French court orders release of killer of former Iranian PM under last Shah

By Pierre-antoine Souchard, AP
Tuesday, May 18, 2010

Killer of former Iranian PM to be freed in France

PARIS — An Iranian who was jailed for life in France for assassinating a former Iranian prime minister will be freed and allowed to return home, raising speculation that he is part of a prisoner exchange deal between the two countries.

The French prosecutor’s office said Tuesday that the country’s laws allow Ali Vakili Rad, who was convicted of killing Shahpour Bakhtiar, the last Iranin prime minister under the ousted Shah of Iran in 1991, to be released early.
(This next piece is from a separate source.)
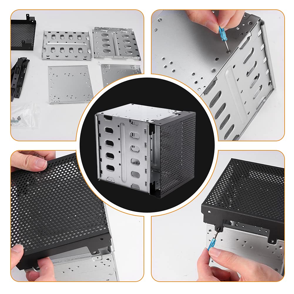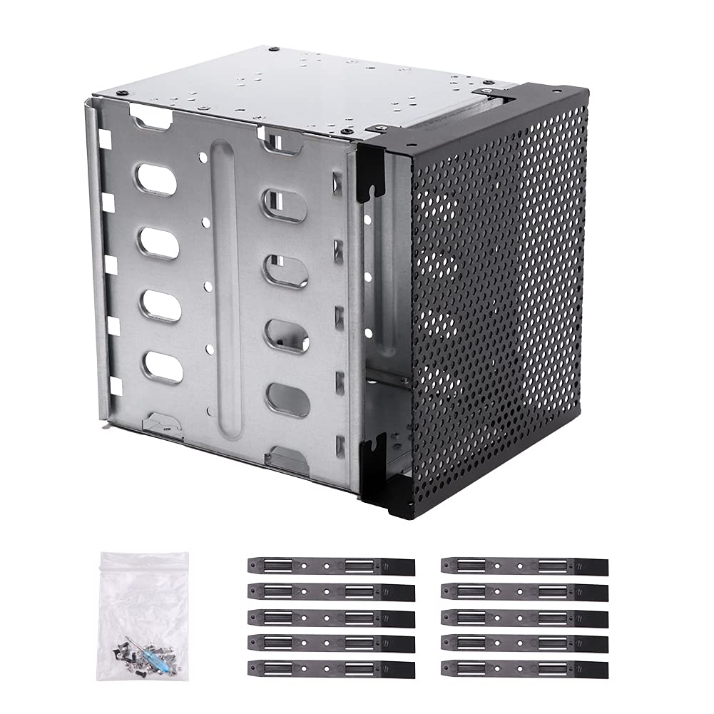 Hard Drive Cage,Galvanized Steel Plate + Abs Plastic Cage Hard Drive Tray Rack With Fan Space,Adapter Rack Bracket For Computer Sata 5.25In To 5X 3.5

Vakili Rad will be sent back to Tehran, where he is regarded as a hero by Iran’s leaders for killing someone they considered a counterrevolutionary.

Speaking shortly before Tuesday’s announcement in Paris, Iran’s Foreign Ministry spokesman, Ramin Mehmanparast, welcomed Vakili Rad’s expected return to Iran.

“We also heard that Mr. Ali Vakili Rad after the verdict that is issued by a French court is going to enter Iran. To see him in Iran after years, we are pleased,” Mehmanparast said at his weekly news conference.

Vakili Rad would be the second Iranian freed by French courts in less than two weeks, leading to speculation of a deal between Paris and Tehran to obtain freedom for a young French academic convicted by Iran of spying, who returned home Sunday.

French officials firmly have denied any dealmaking between Paris and Tehran to obtain the liberation of Clotile Reiss who was sentenced to 10 years in prison by Iran, with her jail term quickly commuted and replaced with a fine of 3 billion rials ($300,000). Reiss was arrested July 1 in postelection violence in Iran.

“We were never in a logic of the slightest bargaining,” French Foreign Ministry spokesman Bernard Valero said Monday during an interview with Associated Press Television News. When such questions are asked “that means one has doubts about the independence of the French justice system.”

Sorin Margulis, Vakili Rad’s attorney, also has denied speculation of a deal. “My client was in a position to be freed before the arrest of Miss Reiss.”

A French appeals court ruled July 2 that Vakili Rad could be given conditional freedom. The final decision had been postponed twice.

France has cut deals with Iran in the past to obtain freedom for French citizens.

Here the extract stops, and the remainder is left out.